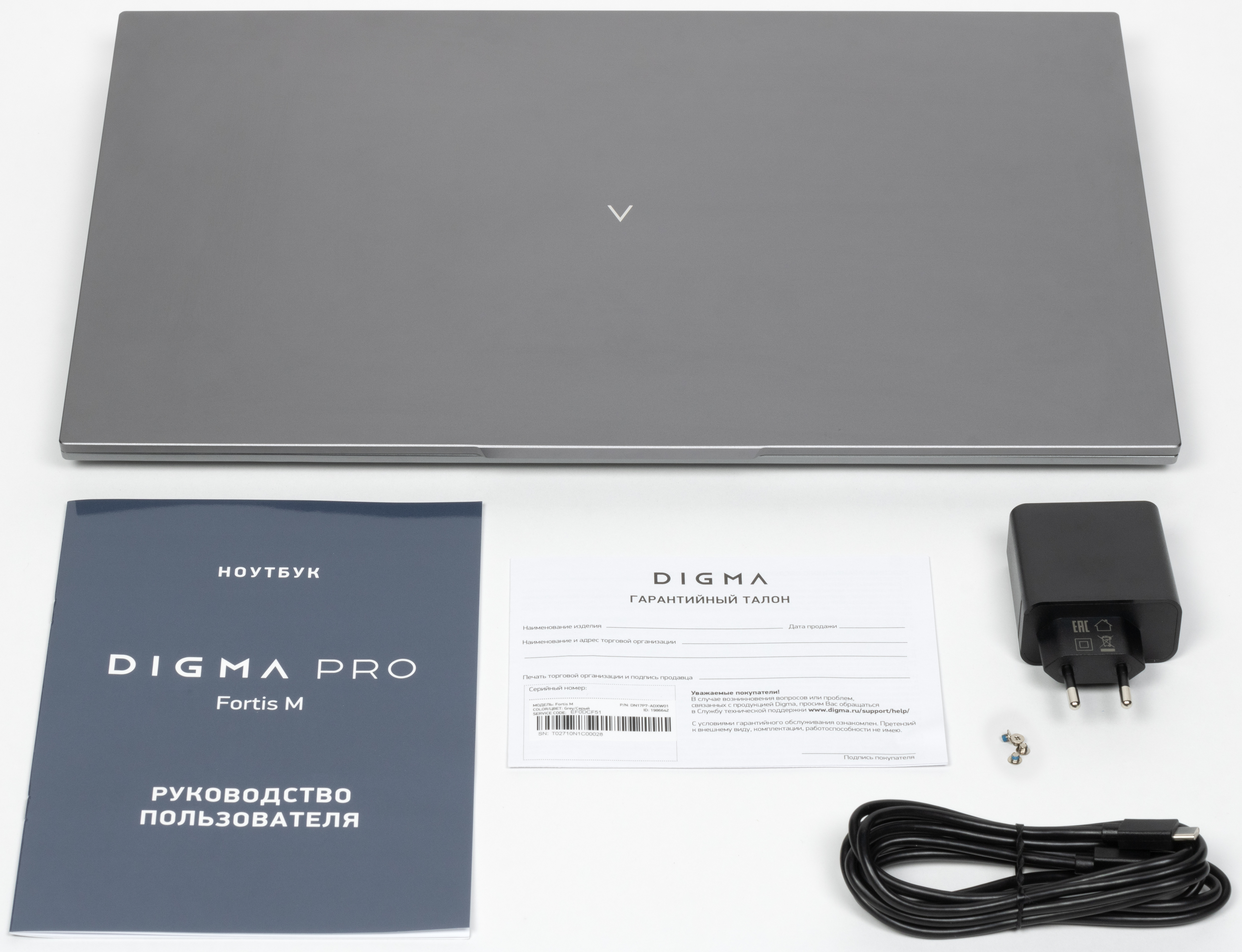 В комплекте, кроме самого ноутбука, идет блок питания со сменным выходным кабелем Type-C — Type-C длиной 2 м, набор винтов, инструкция на русском языке, гарантийный талон.
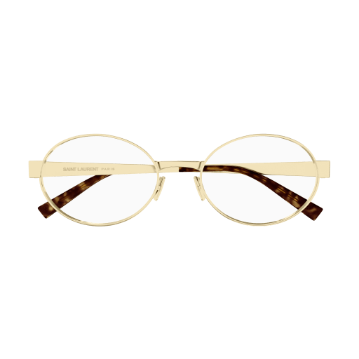A CLASSIC VINTAGE OVAL METAL OPTICAL STYLE, WITH A THICK METAL CONSTRUCTION, INSPIRED BY ANTONY VACCARELLO’S CREATIVE INPUT FOR WOAN SPRING 24 COLLECTION. A FASHION RIM METAL COMPLETING THE CURRENT OFFER AND RIDING THE METAL TREND. SAINT LAURENT LOGO LASER ENGRAVED ON BOTH METAL TEMPLE.
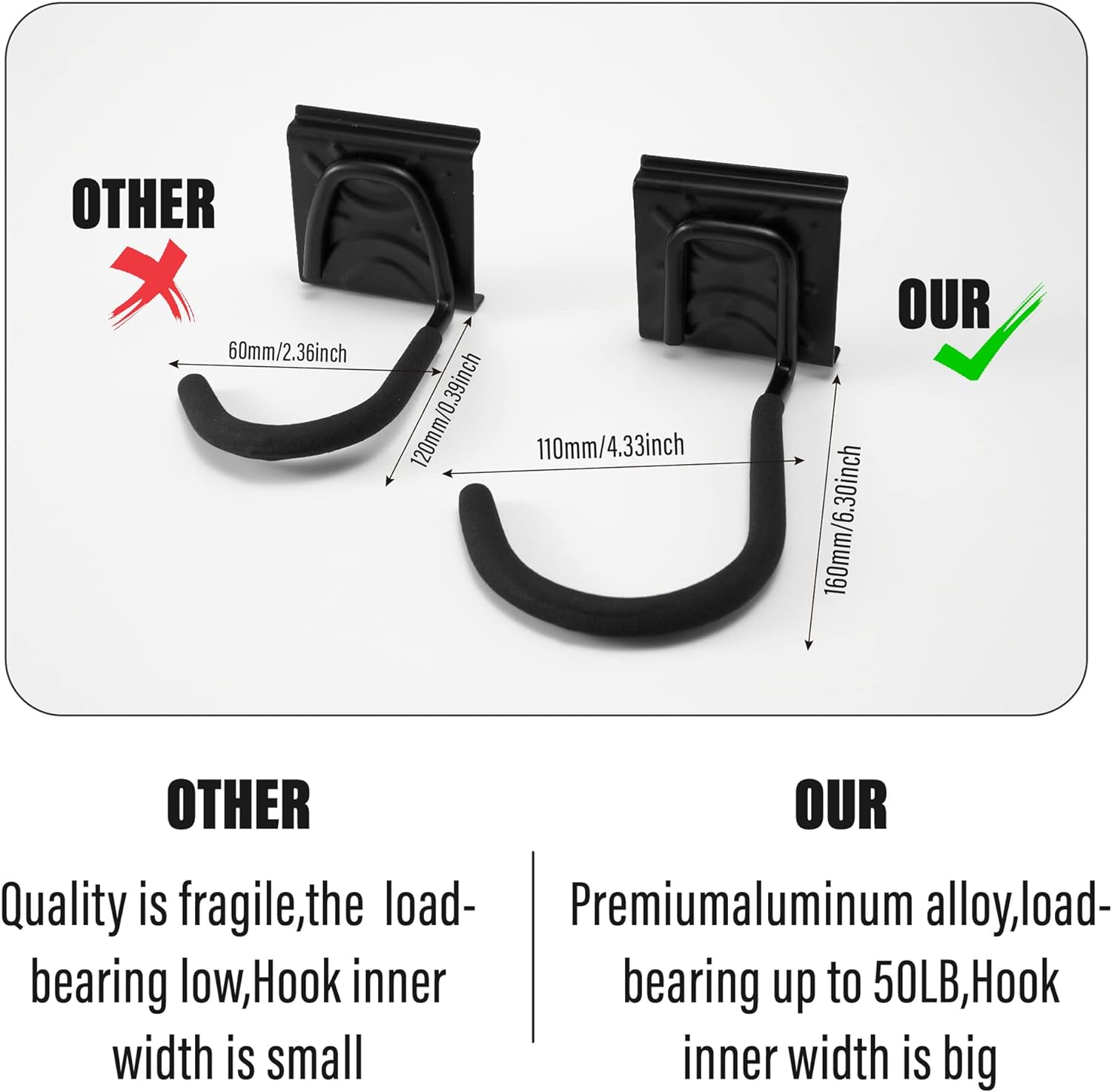 - Upgraded large hook, size 75*160*110mm, wide and strong rubber-coated wall hook, suitable for most types of bicycles: mountain bikes, road bikes, folding bikes, adult bikes and children's bikes, etc. (not suitable for fat tires over 4 inches)
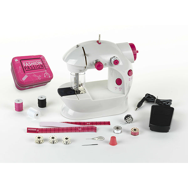 Nähmaschine mit zwei Geschwindigkeitsstufen, Pedal, Einfädler, 6 Spulen und Ersatznadel. Transparenter Sicherheitsschutz für Nadel. Mit Ober- und Unterfaden. Auch Handbetrieb möglich.
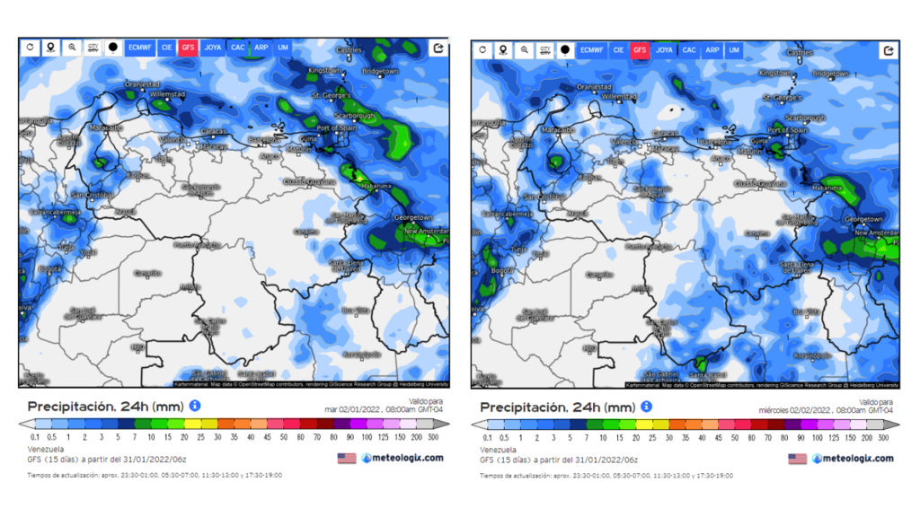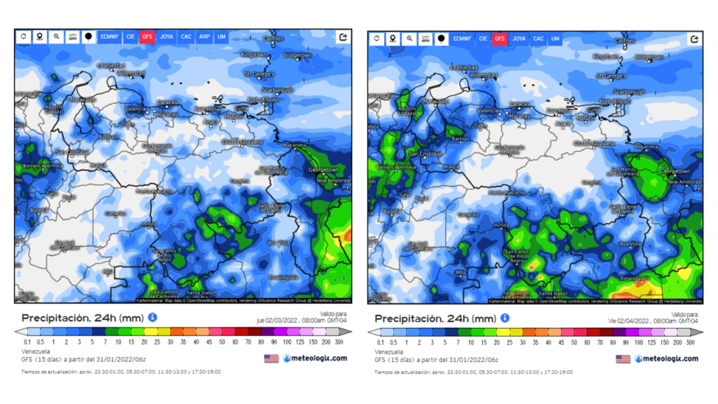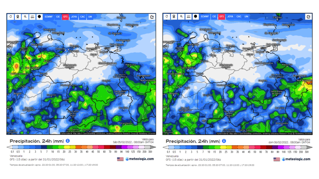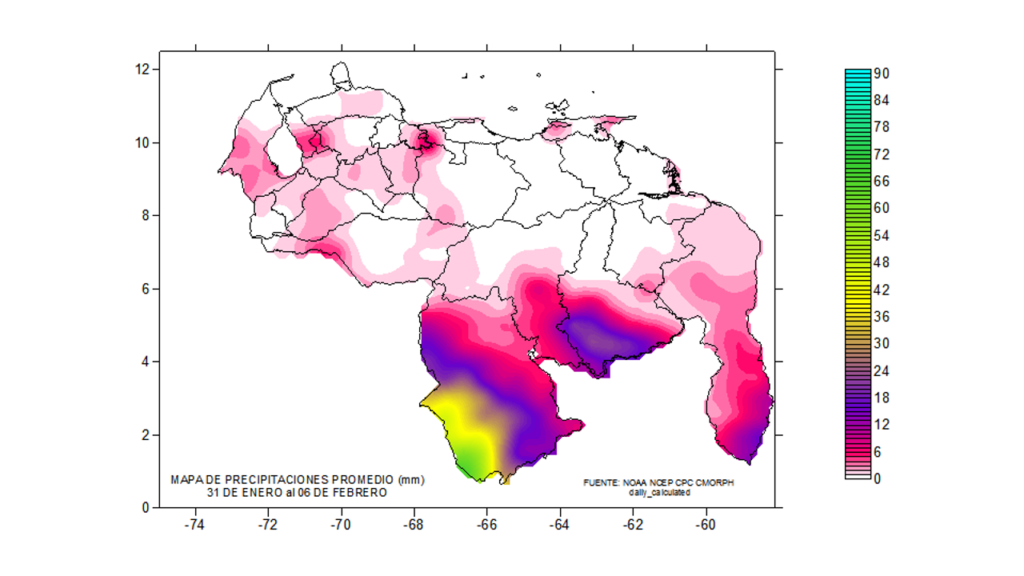 En el pronostico diario del modelo GFS del 31 de enero al 06 de febrero, se observan escasos eventos de precipitaciones en el transcurso de la semana, algunos eventos a lo largo del eje norte costero, para mediaidos de semana eventos al sur de de Bolívar y Amazonas, y para el final lluvias en los andes, Zulia y se mantiene algunos eventos en Bolívar y Amazonas
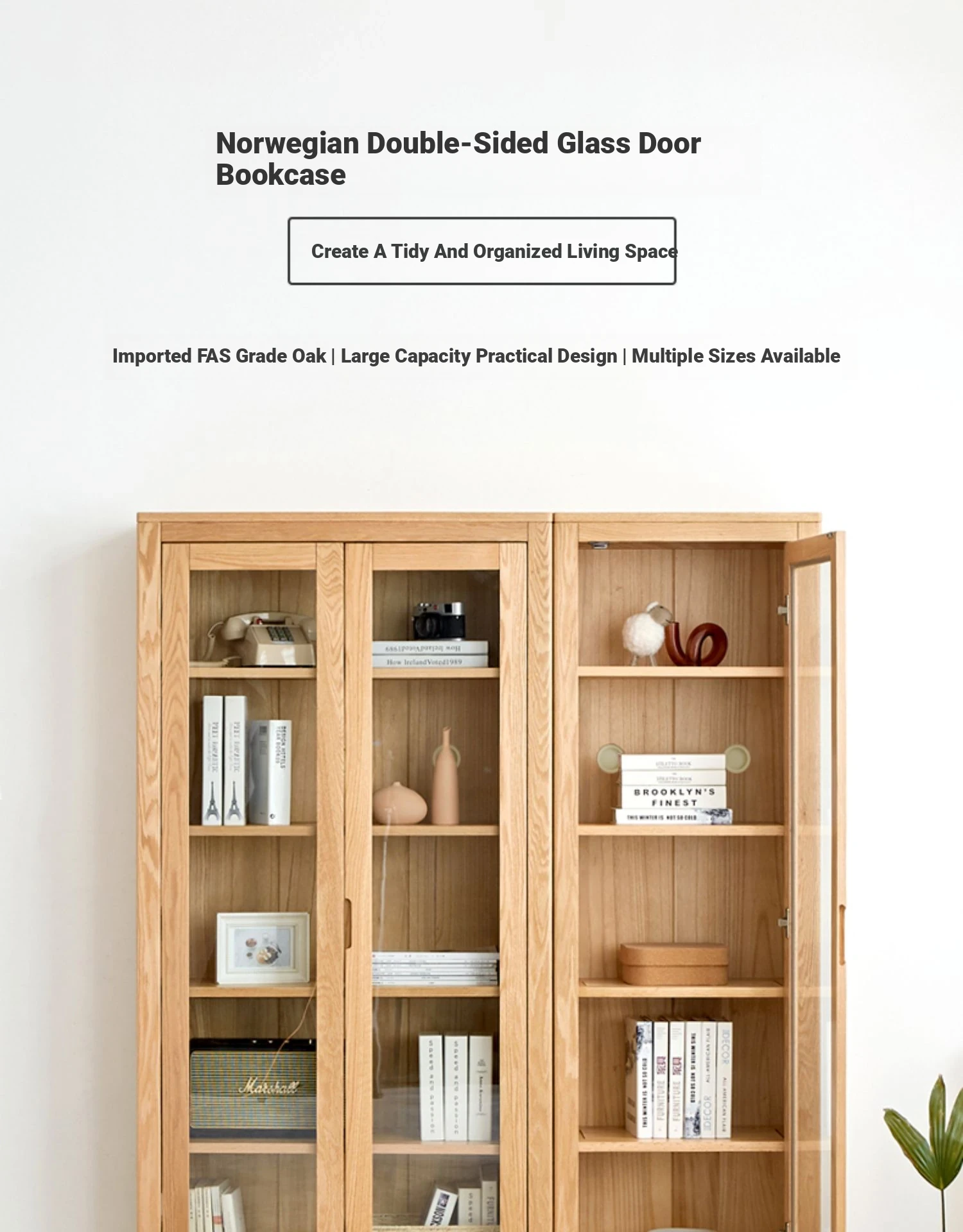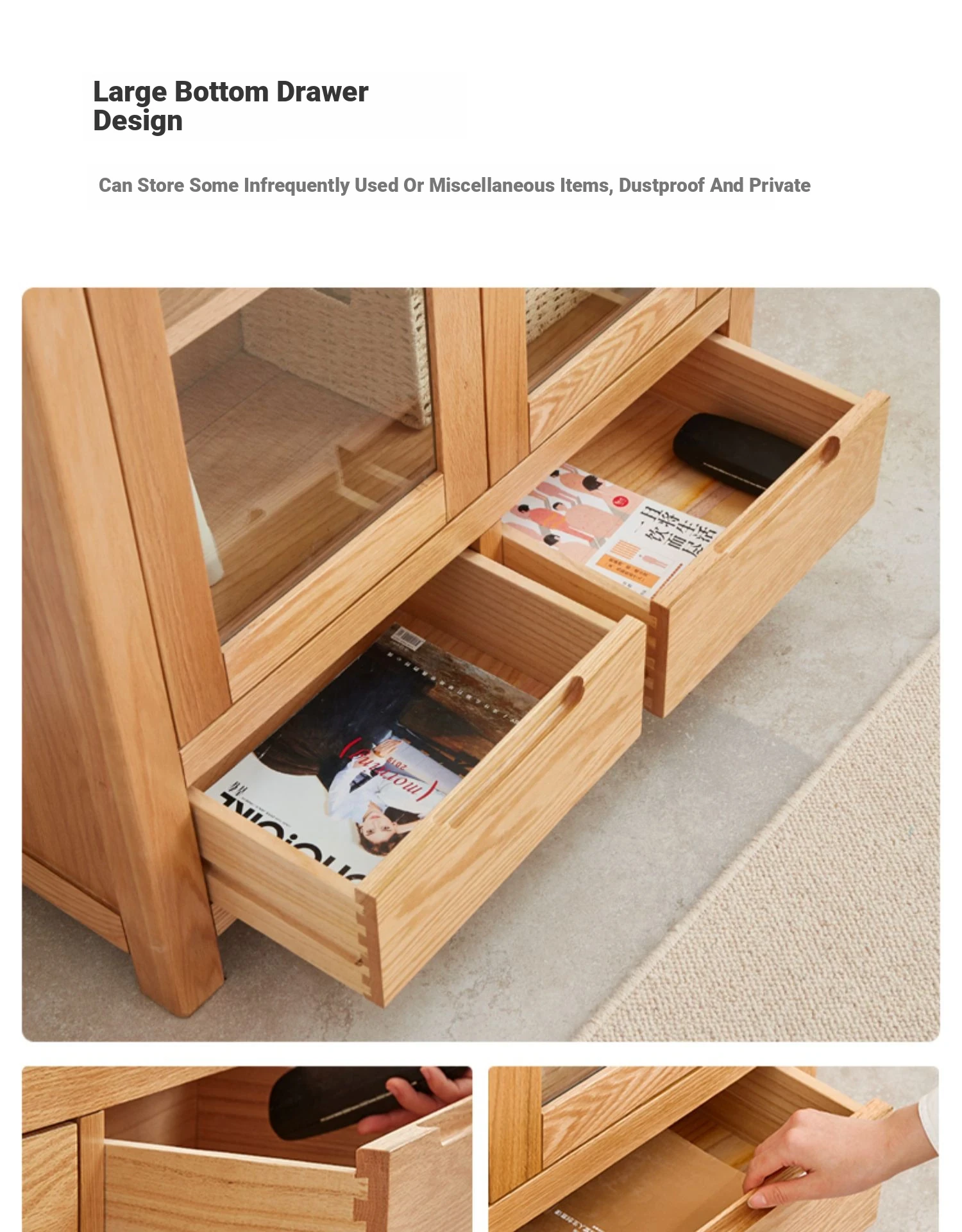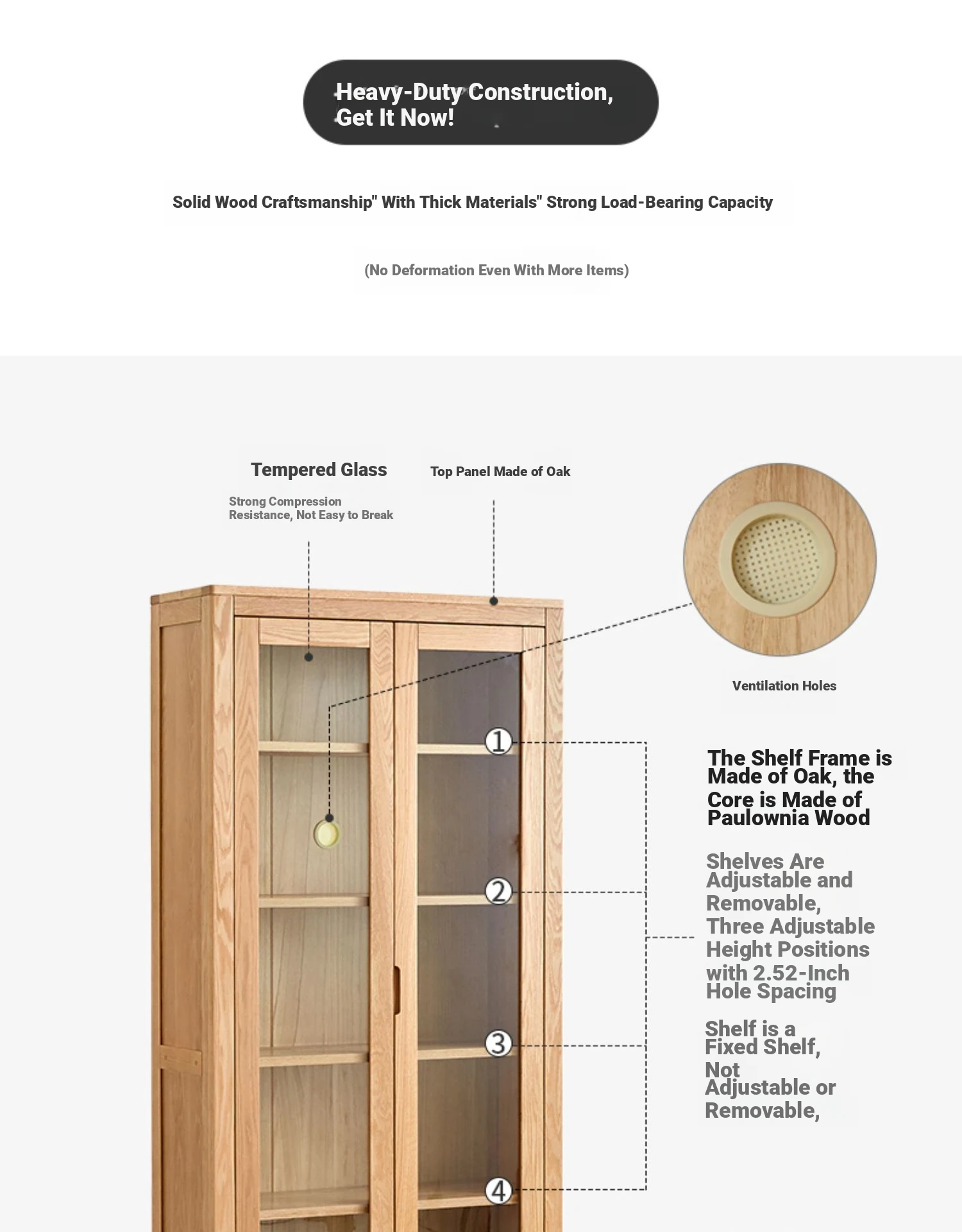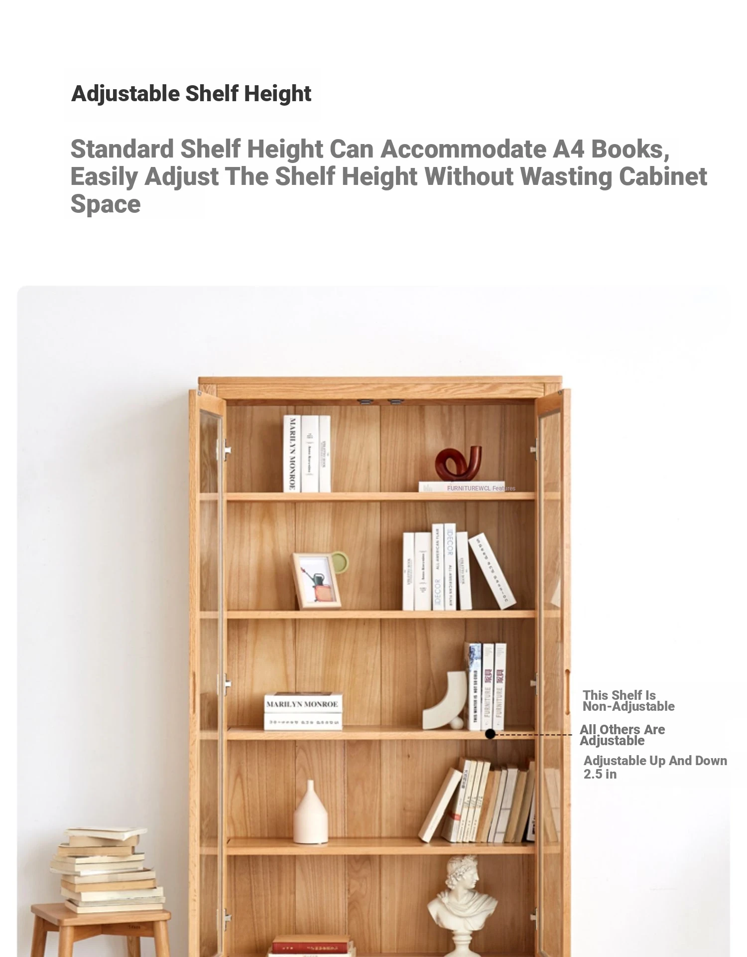 **Original Element Solid Wood Bookshelf - Scandinavian Oak Glass Door Bookcase, Minimalist Display Cabinet for Home Office**
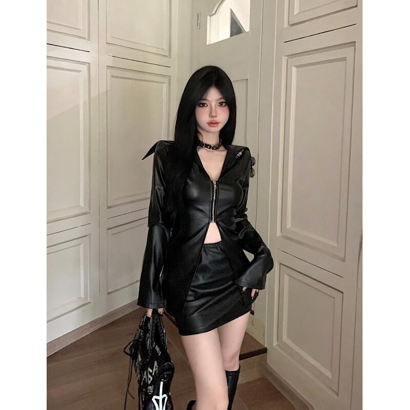 ホットガールズスーツ秋スプライス PU レザージッパージャケットトップウエストショートスカート 2 点セット服 オータム 秋物
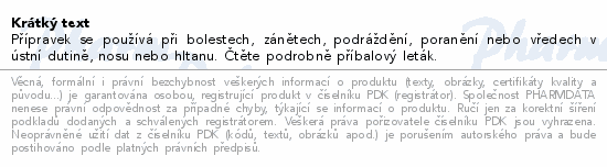 Přípravek se používá při bolestech, zánětech, podráždění, poranění nebo vředech v ústní dutině, nosu nebo hltanu. Čtěte pozorně příbalový leták.
-*-
## PROBLEM DESCRIPTION
Without including any picture, set down the listing above exactly as it appears.

## TASK OUTPUT
 В комплекте, кроме самого ноутбука, идет блок питания со сменным выходным кабелем Type-C — Type-C длиной 2 м, набор винтов, инструкция на русском языке, гарантийный талон.
A CLASSIC VINTAGE OVAL METAL OPTICAL STYLE, WITH A THICK METAL CONSTRUCTION, INSPIRED BY ANTONY VACCARELLO’S CREATIVE INPUT FOR WOAN SPRING 24 COLLECTION. A FASHION RIM METAL COMPLETING THE CURRENT OFFER AND RIDING THE METAL TREND. SAINT LAURENT LOGO LASER ENGRAVED ON BOTH METAL TEMPLE.
 - Upgraded large hook, size 75*160*110mm, wide and strong rubber-coated wall hook, suitable for most types of bicycles: mountain bikes, road bikes, folding bikes, adult bikes and children's bikes, etc. (not suitable for fat tires over 4 inches)
 Nähmaschine mit zwei Geschwindigkeitsstufen, Pedal, Einfädler, 6 Spulen und Ersatznadel. Transparenter Sicherheitsschutz für Nadel. Mit Ober- und Unterfaden. Auch Handbetrieb möglich.
 En el pronostico diario del modelo GFS del 31 de enero al 06 de febrero, se observan escasos eventos de precipitaciones en el transcurso de la semana, algunos eventos a lo largo del eje norte costero, para mediaidos de semana eventos al sur de de Bolívar y Amazonas, y para el final lluvias en los andes, Zulia y se mantiene algunos eventos en Bolívar y Amazonas
 **Original Element Solid Wood Bookshelf - Scandinavian Oak Glass Door Bookcase, Minimalist Display Cabinet for Home Office**
 ホットガールズスーツ秋スプライス PU レザージッパージャケットトップウエストショートスカート 2 点セット服 オータム 秋物
 Přípravek se používá při bolestech, zánětech, podráždění, poranění nebo vředech v ústní dutině, nosu nebo hltanu. Čtěte pozorně příbalový leták.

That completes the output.